Reynoldsburg resale stores must register goods online

Police will look for stolen items

By Elizabeth Gibson

May 11, 2010

Secondhand businesses in Reynoldsburg long have been told that they must register what comes into their shops with the police, to help prevent the sale of stolen goods.

But with the exception of the city's lone pawnshop, almost no one has been following that rule, and the city hasn't been enforcing it.

Reynoldsburg police detective Michael Binder, however, said he plans to crack down, and the Reynoldsburg City Council has given Binder and his colleagues a new tool to do that.

Last night, the City Council passed a law that will require many secondhand stores to log every item they buy on LeadsOnline, an electronic database that the police can search for stolen items. The law applies to used-video-game stores, pawnshops and other resale businesses, such as those that deal in furniture and appliances.

"It just makes the police's job so much simpler, and it's good for the pawnbrokers, too," City Attorney Jed Hood said. "That way, they know they're doing legitimate business."

Comic-book shops, baseball-card sellers, clothing stores and charities such as Goodwill are exempt because monitoring them would be impractical and unproductive, Binder said.

In addition, businesses that buy gold, including check-cashing sites, will have to photograph jewelry with cameras provided by the police department. When businesses unknowingly buy stolen gold, they often ship it to be melted before police have time to identify jewelry from a break-in, Binder said. The photos would provide evidence.

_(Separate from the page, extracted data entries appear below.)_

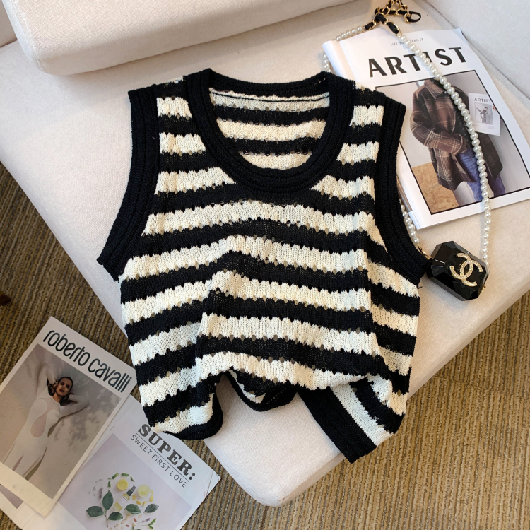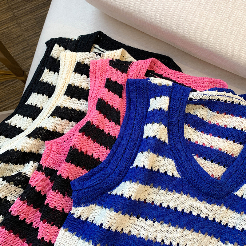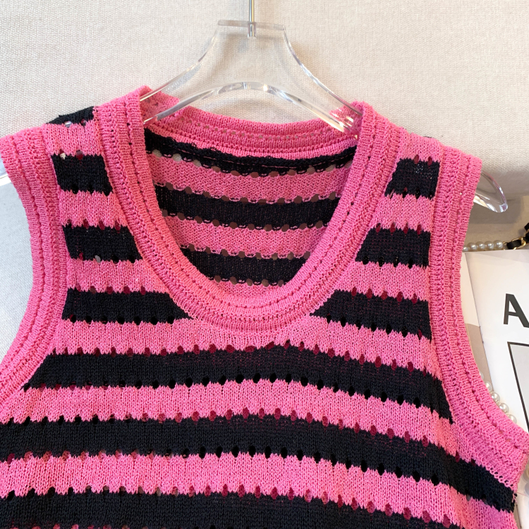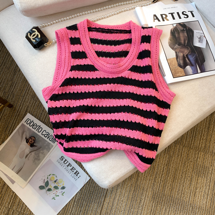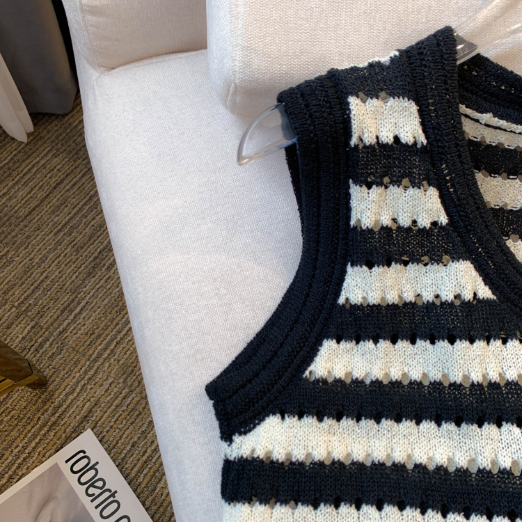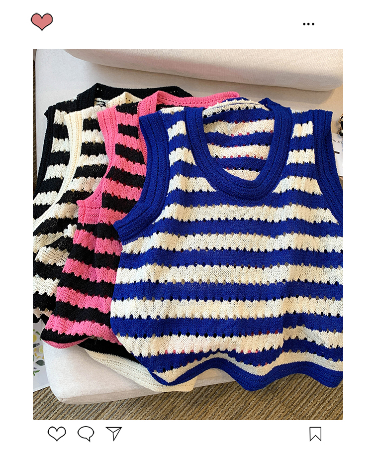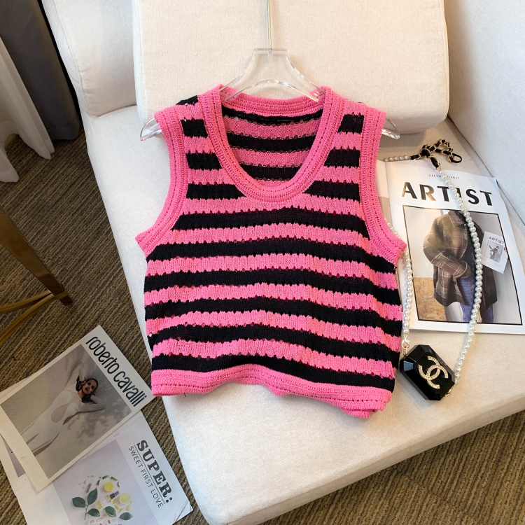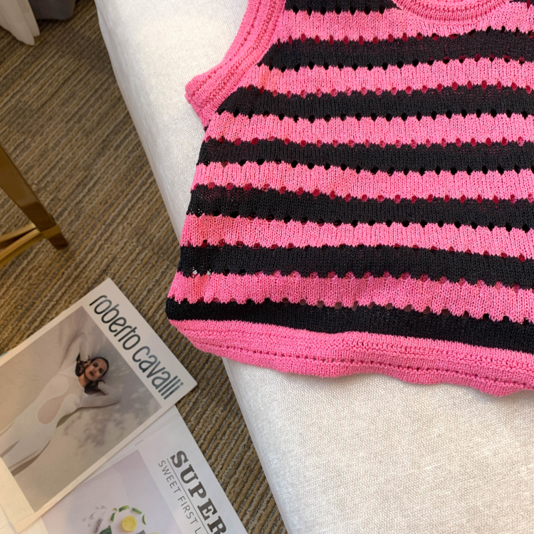 RY3906# 实拍 大货 2026夏季新款设计感条纹背心吊带无袖T恤冰丝针织女
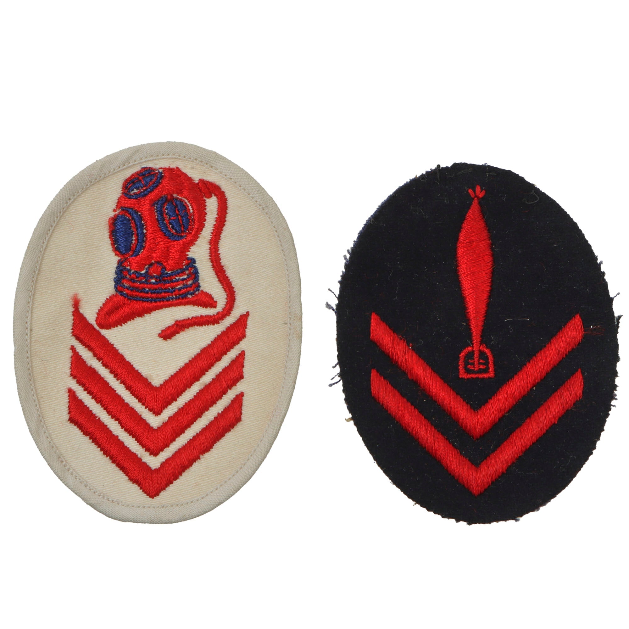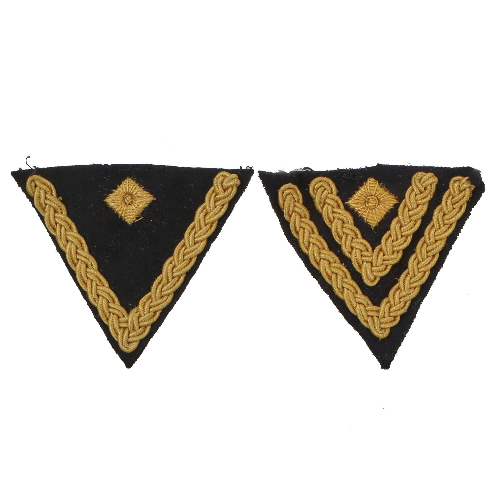 - One German WWII Kriegsmarine Navy Oberstabsgefreiter Sleeve Double Chevron Patch. This is made from the correct gold tresse around a single pip on a navy blue background for the Navy Blue uniform.
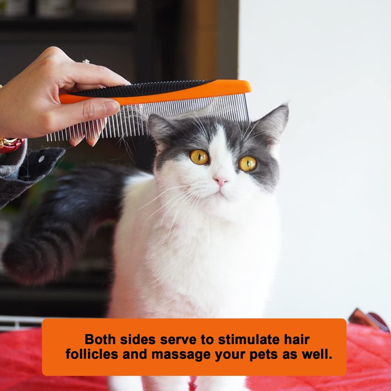 - ✅ 【STURDY AND DURABLE】The teeth is made of high quality stainless steel, and the grip is made by advanced coating process, so that this cat comb is durable, corrosion resistant and will not fade, good for avoiding static electricity.
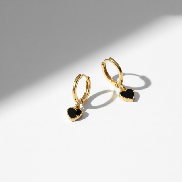 Orecchini cuore nero gold 26TG-10
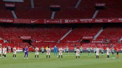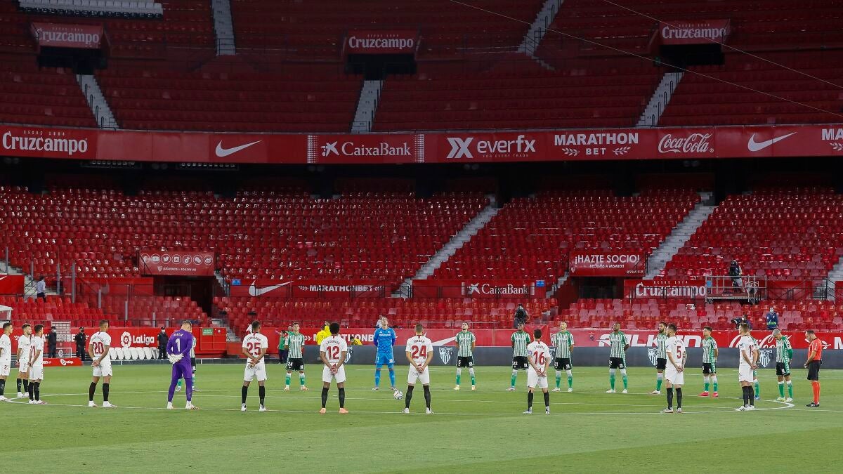 La vuelta de LaLiga estuvo precedida por un minuto de silencio en el Sánchez Pizjuán por los muertos en la epidemia del coronavirus en España. Los jugadores de Sevilla y Betis se posicionaron en el círculo central ante un estadio sin público.

Several other cities in the region subscribe to LeadsOnline and encourage pawnshops to voluntarily register their purchases. Police can search the entire system. If a TV stolen from Ohio is sold to a pawnshop in Tennessee, police still can track it if the shop uses LeadsOnline.

The police, not the businesses, pay for LeadsOnline subscriptions, but the stores must handle the data entry.

Businesses testing the database in Reynoldsburg have said that spending time entering product descriptions and serial numbers can be annoying, but it does seem to help catch crooks.

Binder said he hopes other communities adopt laws that make LeadsOnline mandatory so thieves don't sell their wares in the community next door. Stolen goods listed for sale on Craigslist and eBay are still a challenge, he said.